Your assignment:
Leave out the pictures, and print exactly the lines from the one holding "苏恺明老师以《机器学习在油气" through the last line of the material.

### Raw data

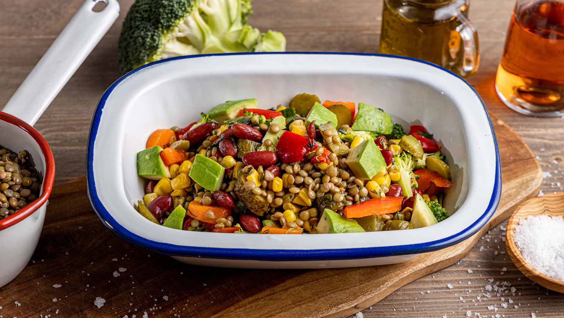 This filling and nutricious meal will feed a family four, and takes just 30 minutes from peparation to your plate! Note that this salad can be marinated in the fridge and tastes even better the second day. Just dont forget to add the avacado just before serving to avoid it turning brown.
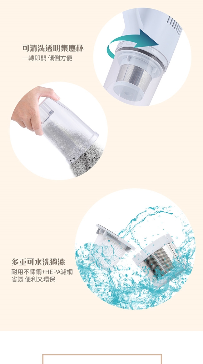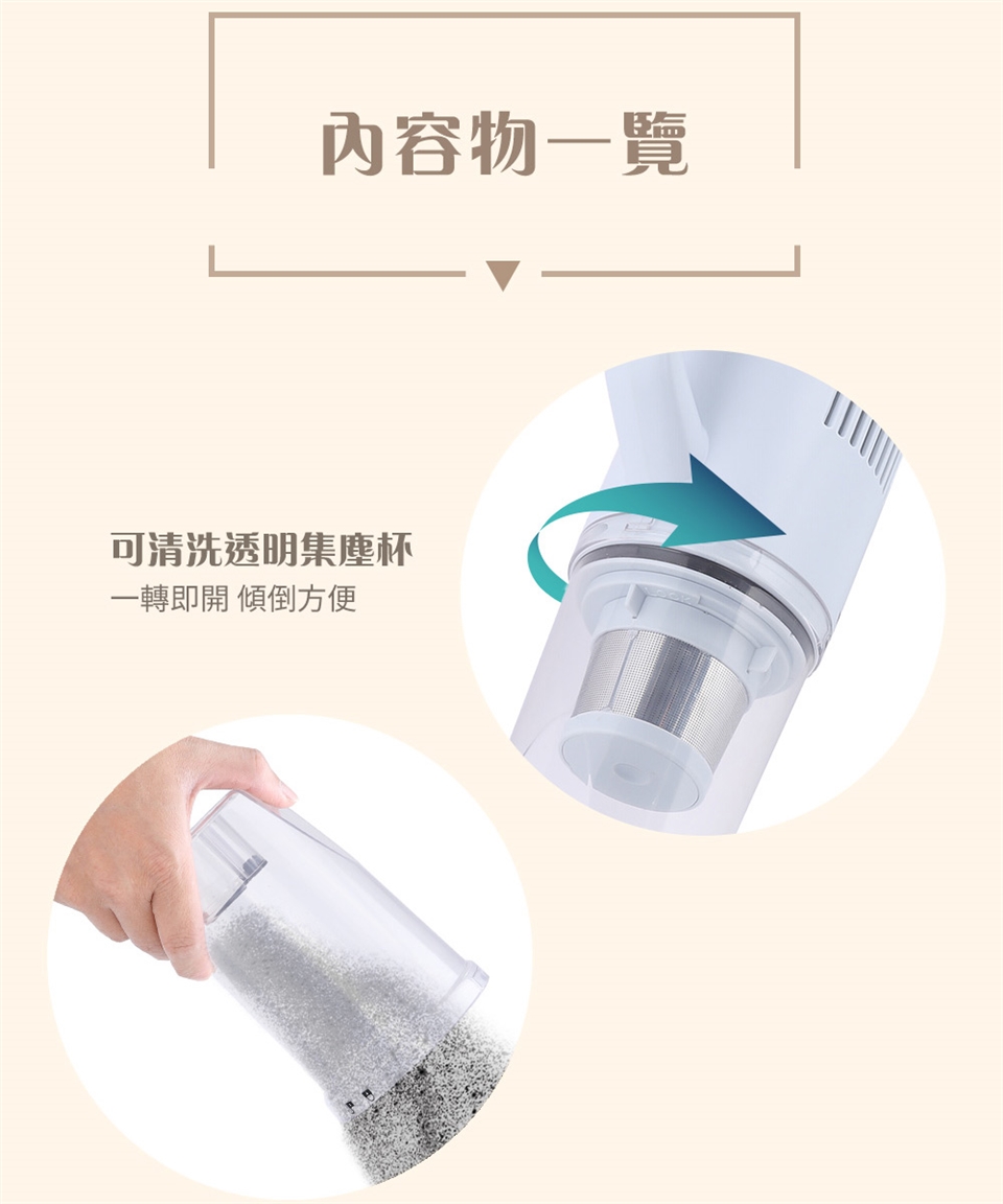 ◆0.5L大容量透明集塵盒,減少倒塵頻率。
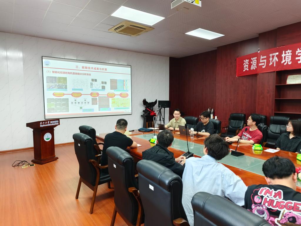苏恺明老师以《机器学习在油气地球化学中的应用进展》为题,重点分享了人工智能技术在地球化学分析中的创新成果。他详细介绍了团队开发的“智能化烃源岩有机显微组分分析系统”、“大数据视角下的石油分子地球化学智能解释与地质研究”等核心技术,并展示了基于语义分割等算法的实际应用案例。通过大规模数据训练,团队成功实现了生烃母质含量的自动化表征和油源贡献比例的智能预测。苏恺明老师指出,机器学习不仅大幅提升了实验效率,还为复杂油气藏的精细评价提供了全新视角。
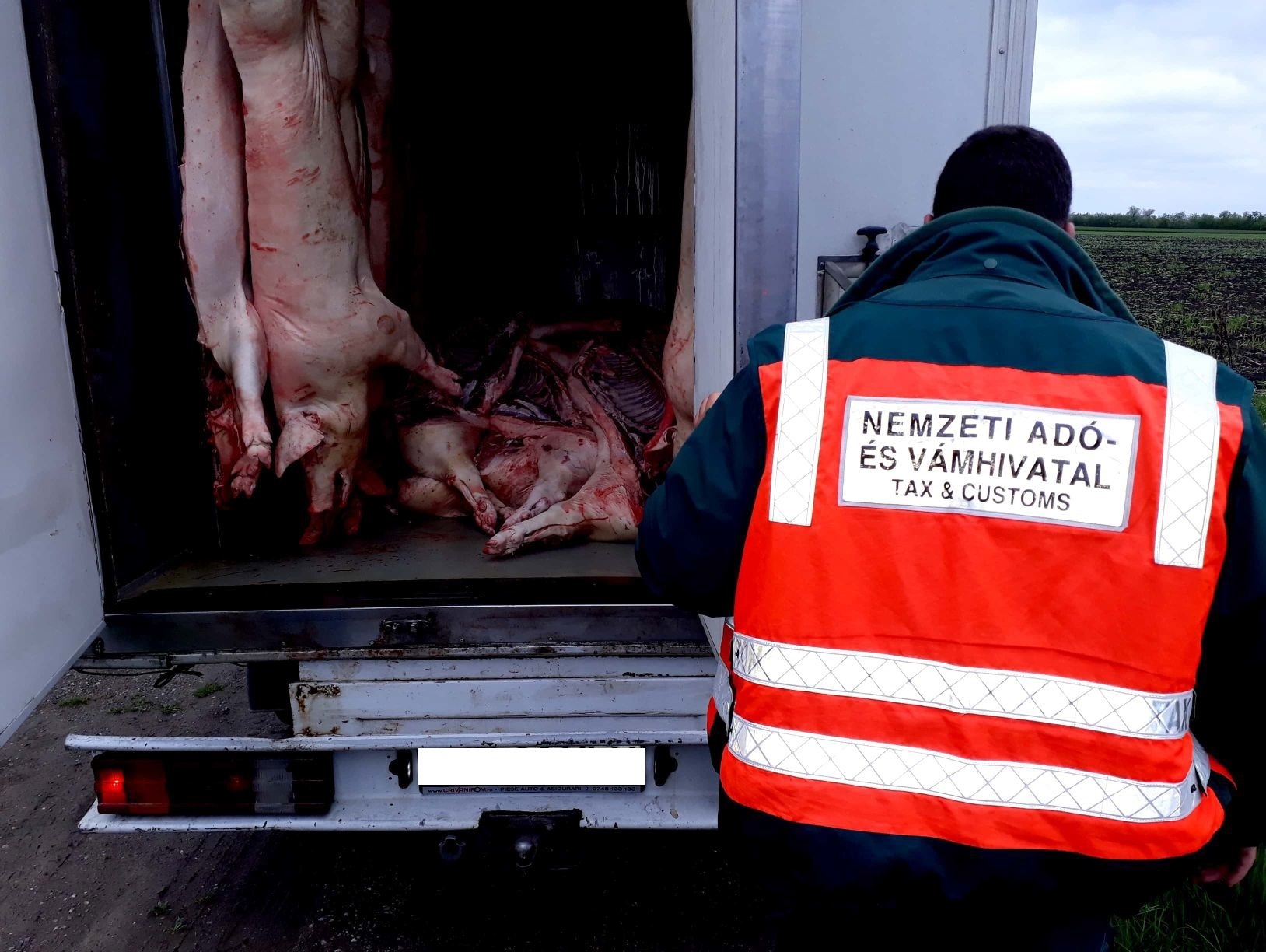 Az egyik, magyar jármű 817 kilogramm hústerméket és belsőséget szállított. A raktérben a hőmérséklet jóval magasabb volt az előírtnál, a padló véres, a tehergépkocsi oldalburkolata pedig repedezett, szennyezett volt.

######

Answer box:
苏恺明老师以《机器学习在油气地球化学中的应用进展》为题,重点分享了人工智能技术在地球化学分析中的创新成果。他详细介绍了团队开发的“智能化烃源岩有机显微组分分析系统”、“大数据视角下的石油分子地球化学智能解释与地质研究”等核心技术,并展示了基于语义分割等算法的实际应用案例。通过大规模数据训练,团队成功实现了生烃母质含量的自动化表征和油源贡献比例的智能预测。苏恺明老师指出,机器学习不仅大幅提升了实验效率,还为复杂油气藏的精细评价提供了全新视角。
 Az egyik, magyar jármű 817 kilogramm hústerméket és belsőséget szállított. A raktérben a hőmérséklet jóval magasabb volt az előírtnál, a padló véres, a tehergépkocsi oldalburkolata pedig repedezett, szennyezett volt.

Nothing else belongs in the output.